Дунай сейчас удивительно красив — потерял собственный некрасивый цвет и преобразился в закатное небо, стал голубовато-розовым и удивительно гладким. Как зеркало.
Городок Г. уходит. Вот он уже потонул в садах. Лишь на пристани белеет и блестит ожерельем иллюминаторов флагманский корабль адмирала, начальника Р-ского гарнизона. И как странно видеть на этом жизнерадостном фоне, на этой палитре вечерних красок защитные баржи, людей в защитном…
Мимо нас быстро проходит судно под румынским флагом. На палубе можно заметить синеватые мундиры румынских солдат.
Наши солдаты бросаются к бортам, машут фуражками, платками, и громкое «ура» льется по зеркалу реки, доходит до румынского судна и возвращается оттуда в ответ.
Два дня — путешествие по Дунаю. Однообразные берега, гладкие и поросшие пыльной кудрявой зеленью. Кое-где на прибрежных лугах пасутся стада буйволов, которые очень удивляют своим видом наших «землячков».
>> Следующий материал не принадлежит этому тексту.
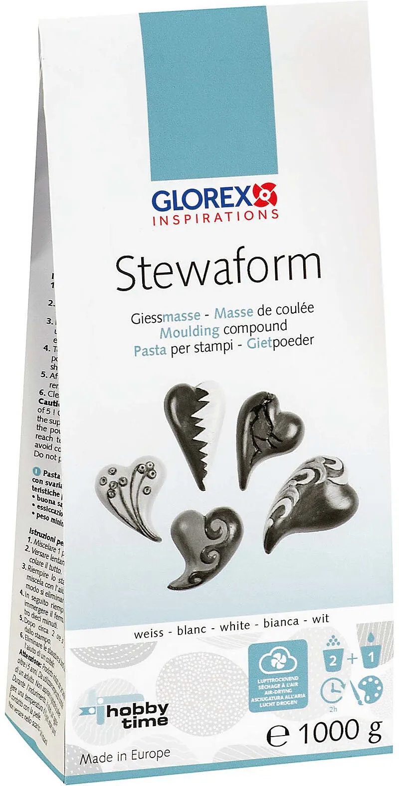 Giessmasse Universell verwendbare, weisse, preiswerte Giessmasse. Mischverhältnis Giessmasse : Wasser = 2 : 1. Durch den höheren Wasseranteil weisen die getrockneten Gegenständen ein niedriges Gewicht auf. Ausgehärtete Gegenstände weisen eine glatte Oberfläch...

За все это двухдневное путешествие мы не останавливаемся ни разу, и все-таки связь с внешним миром поддерживается. Кое-где, когда мы проходим мимо приречных городков или сел, к баржам цепляются лодки, нагруженные арбузами. Завязывается оживленная торговля при помощи ведер, привязанных к длинной веревке, в которые грузят арбузы. Такие плавучие лавочки — наше единственное развлечение. От лодочников мы узнаем такие военные новости:
— Романешты… разбой… бон?
«Разбой» по-румынски — война.
— О, бон! Бон! Трансильваниия бон!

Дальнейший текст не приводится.